Oh, if I had been in Simon’s shoes, if I had had to that cross, I imagine I would think life was unfair. I’d have gotten all caught up in what’s happening to me, right now. But if I could have seen my son Alexander and my boy Rufus, and I could have seen that what was happening to me was for their good, I think I could have made it. If I can understand that life may be unfair for me, but others will draw strength from that, I’ll be all right. God gives us as gifts to each other.
III
For, after all, the greatest unfairness of all was the one about to occur on that cross, on that green hill at the end of the road. There, at that place, all the countless centuries of injustice crashed in on the head of the innocent Jesus. That’s not fair. It’s not fair that he who knew no sin became sin, became the dumping ground for all the world’s evil. There, how can my tongue describe it, where shall my pen begin? There, every monstrous evil that wells up from the heart of man, every injustice ever worked against any of God’s creation – all of it, gathered around that cross and weighed in against Jesus.

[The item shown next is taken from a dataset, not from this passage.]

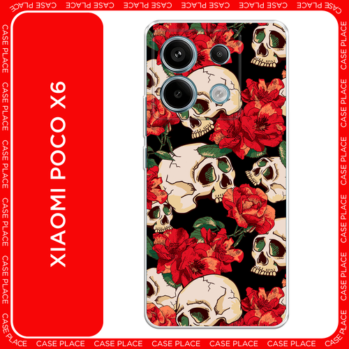 Чехол на Poco X6/Redmi Note 13 Pro 5G / Поко X6/Редми Нот 13 Про 5G с принтом Черепа с цветами

Unfair? You bet it was unfair. It was not fair that they mocked Him and misrepresented Him. Unfair! It was not fair that one of His friends betrayed Him, another denied Him, and just about the whole crowd abandoned Him. Unfair. You bet it was unfair.
You think life is unfair? You think you have the short end of the stick? He who was tested in every way, and yet without sin, is made to bear the weight of the world’s hatred. Simon could carry the wooden cross, but Jesus had to carry the real load. No Simon can carry this weight; Jesus had to bear it by himself. Oh, nobody else could do it for him. He had to walk this lonesome valley by himself.
But what I know, when I see that cross, is that God is doing something. Life is not fair, but God is accepting that awful truth. Life hurts, but God is absorbing that pain. Life is unfair, but God is with us in our suffering. Life stinks sometimes! But God in Jesus Christ is right down there with us, working beside us, empowering us, and giving us as gifts to each other.
Up Calvary’s mountain, one dreadful morn; walked Christ my savior, weary and worn. And it looks like the most unfair thing the world has ever seen. But I tell you, out of the cross streams mercy for all, forgiveness and love and healing and power. Out of the cross, borne on the back of an oppressed Simon and bearing the body of the Son of Man, comes power. God is at work. Moving us to work for justice. And giving us as gifts to each other.
J. B. was wrong. God is good and God is God. Life is not fair. But God cares. And God is at work. Under the cross:
We know that all things work together for good for those who love God, who are called according to his purpose.